Tuesday, September 19, 2017

Matt Labine Dead at 58

Emmy winning writer Matt Labine passed away peacefully on September 1, after a lingering illness. He was 58.

Born to Roland and Claire Wood Labine in New York on May 5, 1959, Matthew Arnold Labine was a graduate of St. Ann's School in Brooklyn Heights and Yale University (B.A. Economics 1981).

In three years on the Yale varsity heavyweight crew, Labine won two Eastern Sprint Championships, had an undefeated season of 2,000- meter racing, competed in the finals of the Grand Challenge Cup at the Henley Royal Regatta in the U.K., and won the Championship Four at the Head of the Charles. He was also in the Yale varsity boat that bested Harvard in the 4- mile race on the Thames River in 1981 -- the first time in 18 years that a Yale crew had defeated Harvard in "The Race."

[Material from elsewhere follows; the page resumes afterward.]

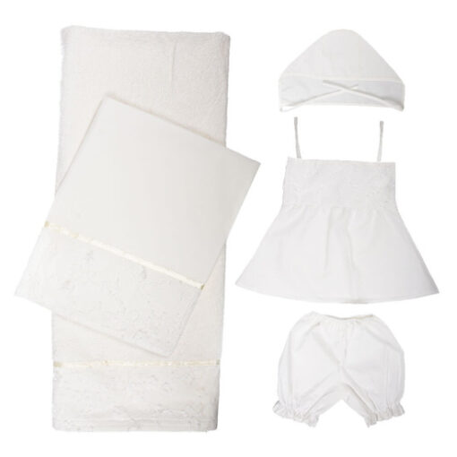 Σετ λαδόπανο δαντέλα με λουλούδια 3D για κορίτσι. Το σετ περιλαμβάνει την πετσέτα, το σεντόνι και την αλλαξιά του μωρού.
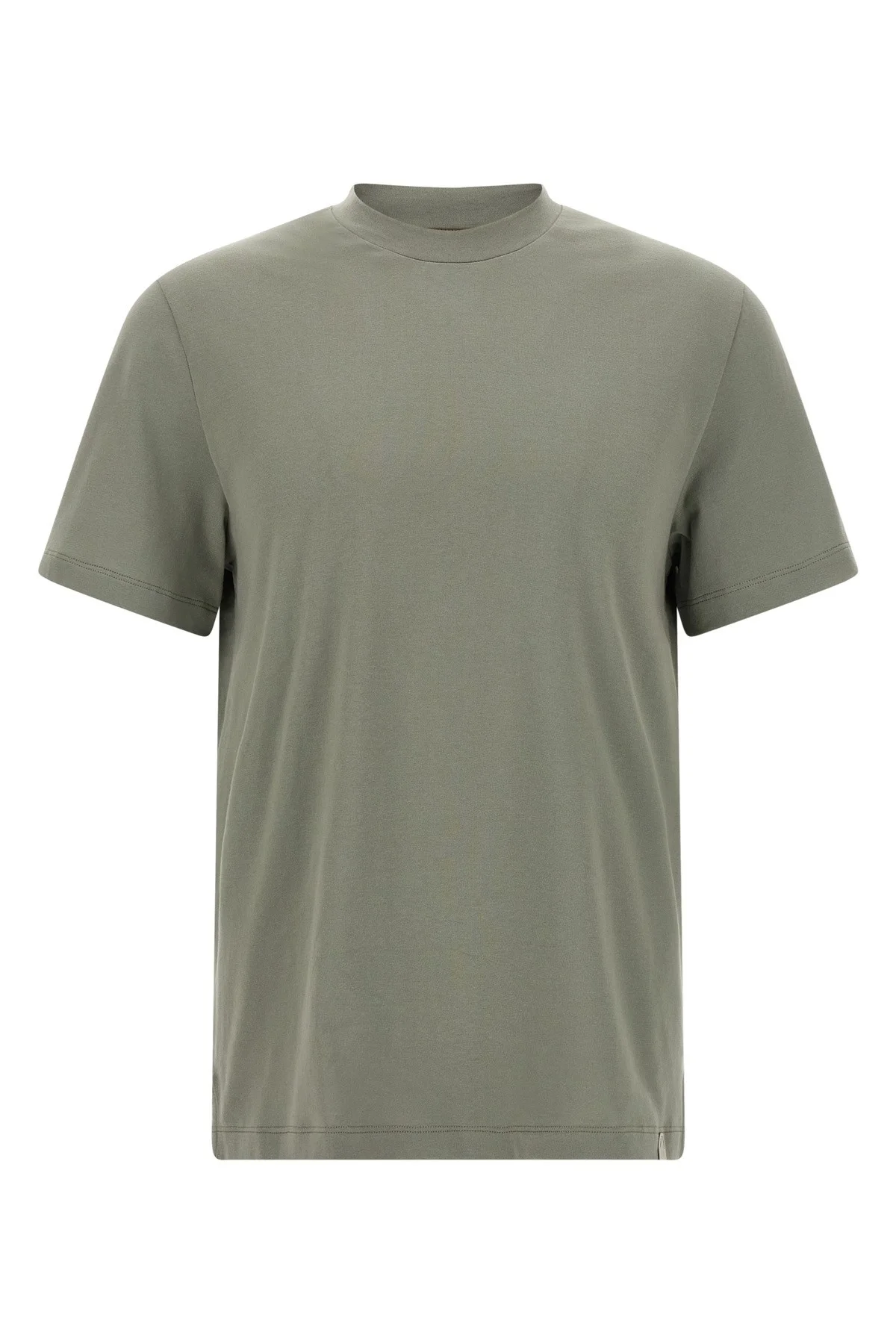 cod. UJSY0LOD6201616 Carbonated cotton T-shirt, tone-on-tone leather fly with front embossed logo, crew neck, short sleeves, side slits. SUSTAINABLE: This garment contains GOTS certified cotton. The Global Organic Textile Standard (GOTS) is a voluntary standard obtained through independent third-party verification. Color: Green Size & Fit: true to size fit Composition: 100% cotton Made in: Italy

After college, he was on two US National Men's Rowing Teams and won a bronze medal in the 1981 World Championships. He was a finalist in the US Olympic trials in 1980 and in 1984. Labine has been coaching rowing at Fairfield University since 2010.

Labine was a talented television writer and won an Emmy Award and four Writers Guild Awards for his work on several daytime dramas, including Ryan's Hope, General Hospital, One Life to Live, Loving and Guiding Light.

Labine is survived by his wife Catharine, son Michael and daughter Ann; sister Eleanor and brother John; father Roland "Clem" Labine and step- mother Deirdre Lawrence; mother-in-law Claudia Scholtz and father-in-law Andrew Scholtz.